日銀の資金循環統計によると、家計債務は2021年9月末で346兆円と2年前より4%増え、特に住宅ローンが216兆円と5%増えました。コロナ禍で住環境を見直そうとする需要は大きいです。一方、住宅価格の状況はコロナ禍を経た価格上昇率は1%程度で、欧米を大幅に下回ります。 
 
財務省が公表した2021年10月から12月の法人企業統計調査を基にすると、企業の債務が76兆円過剰と計算されます。過剰債務はリーマンショック後に110兆円に達し、アベノミクスの元で2010年代半ばに10〜30兆円まで低下しましたが、2018年の景気後退局面で再び増加に転じ、コロナ禍で70兆円まで膨らみました。
東京商工リサーチによると2021年度の倒産件数は約6000件と57年ぶりの低水準です。日銀によると、金融機関の総貸出残高は2021年12月期に700兆円となってます。コロナ前の2019年同期に比べ1割近く多いです。需要が急減した宿泊業向けは1兆円、飲食業も2.5兆円増えました。
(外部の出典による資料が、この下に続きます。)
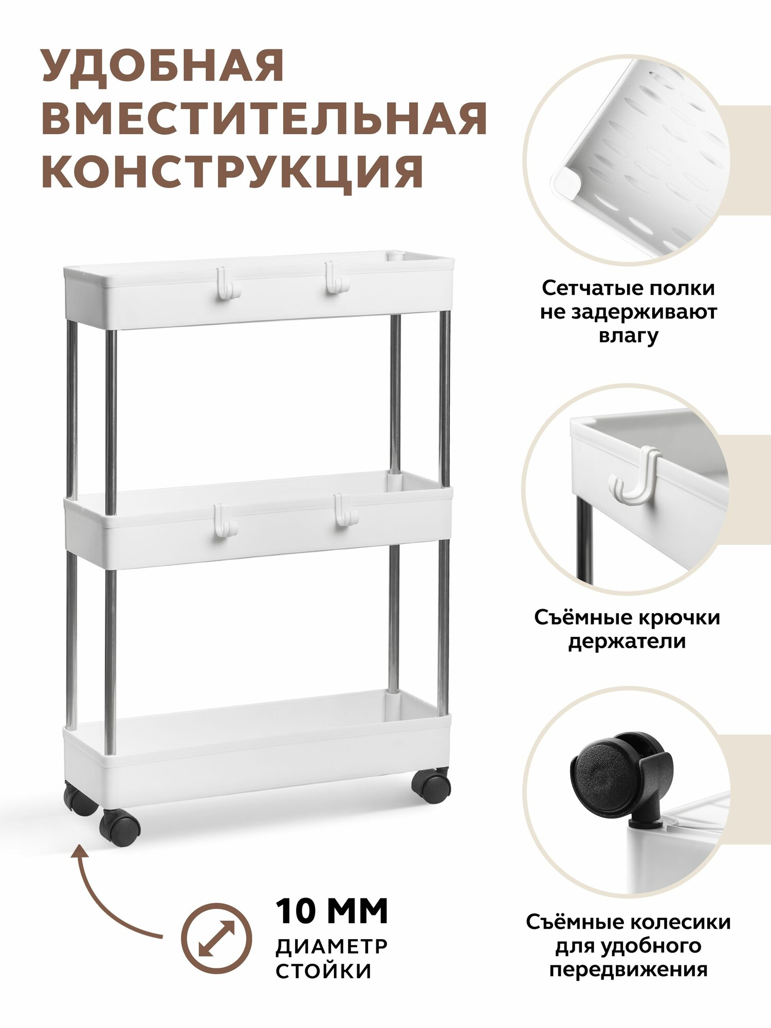 Этажерка органайзер GASTRORAG GR-750-3W узкая пластиковая, на колесиках в ванную 906 ₽

中小企業の35%が自社の債務に過剰感を抱いています。日本の中小企業は360万社あるため、単純計算で当てはめれば24万社ほどが事業再生予備軍となります。国際決済銀行によると2021年3月期時点で、日本の企業が抱える債務は国内総生産比で116%に達します。 
 
日本だけでなく世界各国も債務過剰の状況です。
国際金融協会が2022/2/23に発表した「グローバル債務モニター」によると、2021年度の世界の債務残高は前年比10兆ドル増の303兆ドルと過去最高になりました。世界のGDPに占める債務の割合は351パーセントです。
世界の債務をセクター別に見ると企業債務が89兆ドル、政府債務が88兆ドル、金融は70兆ドル、家計が57兆ドルです。
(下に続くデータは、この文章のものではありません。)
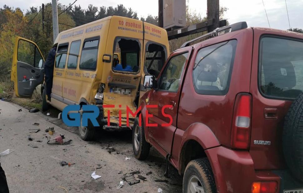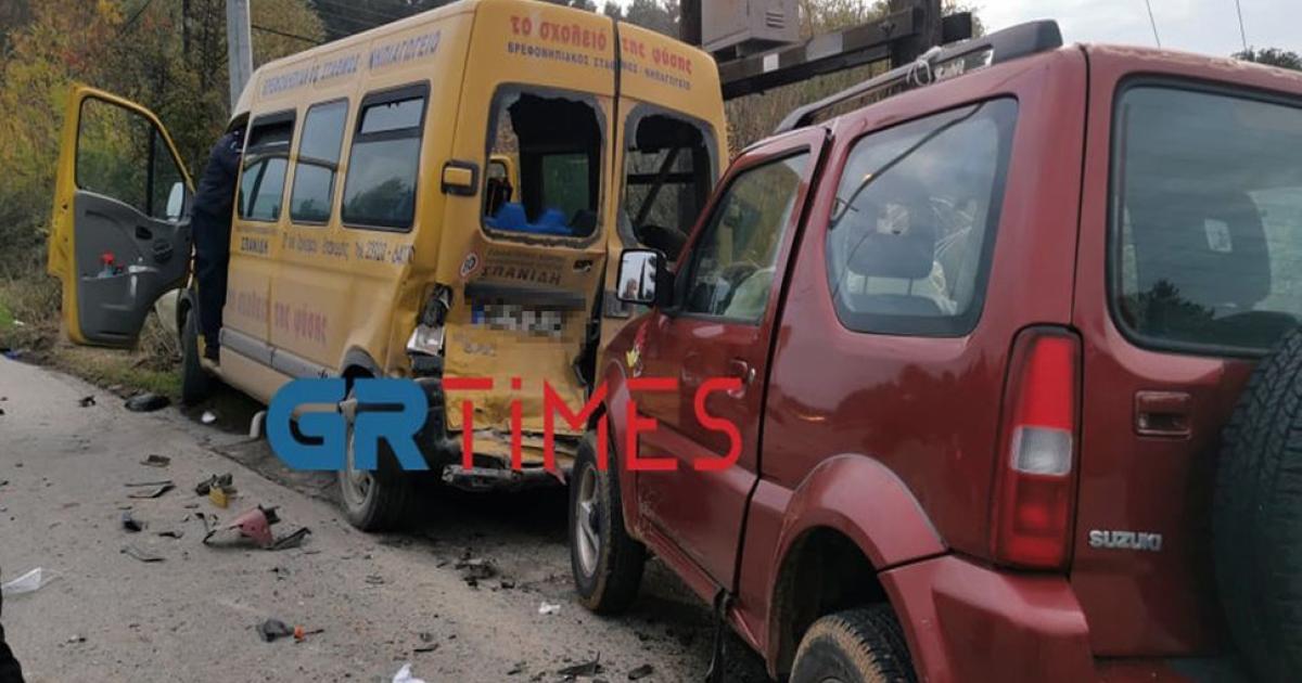 Όπως αναφέρουν οι πρώτες πληροφορίες τζιπ χτύπησε το σχολικό λεωφορείο που προπορευόταν, με αποτέλεσμα το σχολικό να βγει έξω από το δρόμο και να σταματήσει πάνω σε κολόνα.

地域別では、新興国市場の債務は95兆ドル、GDPに占める割合は248パーセントです。主に中国の債務が60兆ドルとなったのが主な要因です。中国の債務がGDPに占める割合は330%です。
 
米ダラス連銀によると、主要25カ国の住宅価格はコロナ後に急上昇し、2021年7〜9月は前年同期比13%高まで上がりました。22カ国では住宅価格の上昇率が可処分所得の上昇率よりも大きく、結果として住宅ローン残高が膨らみ、世界の家計債務は2021年9月で55.4兆ドルとコロナ前より約6兆ドル増えました。
 
コロナ対応ということで、2020年から各国政府は湯水のようにお金を投入しまくりました。これはリーマンショックを繰り返してはならないという教訓から来るもので、結果として大恐慌にはなりませんでしたが、投入は税収を無視して実施されたため、多額の借金が残りました。
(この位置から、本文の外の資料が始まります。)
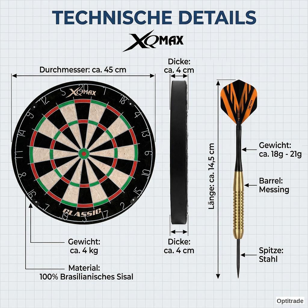 Cette cible professionnelle garantit des lancers précis. Fabriquée à 100 % en sisal brésilien, un matériau reconnu pour son exceptionnelle durabilité et ses propriétés auto-cicatrisantes, elle est dotée de poils en sisal alignés pour une pénétration optimale et une tenue parfaite des pointes de fléchettes en acier. Avec un diamètre idéal de 45 cm, cette cible de fléchettes répond aux normes des tournois officiels et garantit des heures de plaisir. Visibilité et protection optimales : pour protéger le mur et offrir une meilleure séparation visuelle, la cible est équipée d’un cadre noir élégant en 4 parties. Ce cadre rattrape les fléchettes perdues et assure un aspect impeccable. Le montage est incroyablement simple grâce aux fixations incluses ; le support se fixe sans effort à l’arrière de la cible. Jeu de fléchettes en acier de haute qualité pour des lancers précis : le jeu comprend six fléchettes en acier spécialement conçues pour les cibles en sisal. Les fléchettes sont dotées de pointes en acier trempé et d’un corps en laiton offrant une excellente prise en main et des performances exceptionnelles. Grâce à un équilibrage précis, ces fléchettes garantissent un vol contrôlé et stable. Les fléchettes sont fournies avec trois jeux différents de 6 ailettes aux designs variés, vous permettant d’exprimer votre style personnel.

『借金って返さなくてもいいんでしたっけ?』いいえ、返済しなければなりません。日本の1000兆円もの債務はどうやって返すのでしょうか?多分これを答えられる人はいないと思います。『MMT理論でいくら借りてもいいんだ』という方もいらっしゃいますが、私はこの考えに懐疑的です。経済人の直感として、いくらでも借金していいという考え方が成り立ったら、皆借金しまくるはずです。でも現実には全ての人が借金しまくっていません。なぜ国だけが例外になるのでしょうか?鎌倉時代のように日本だけで経済が成り立っていればその考え方もアリかもしれませんが、今や世界とは切っても切り離せない関係です。日本だけの世界が作れるはずもありません。
 
岸田政権は夏の参院選対策にまたバラマキをする補正予算を組むようですが、もうそろそろ自分の懐を考えた方が良いと思います。『借金は返済するもの』という自覚を持つことが今日本に一番必要なことではないでしょうか?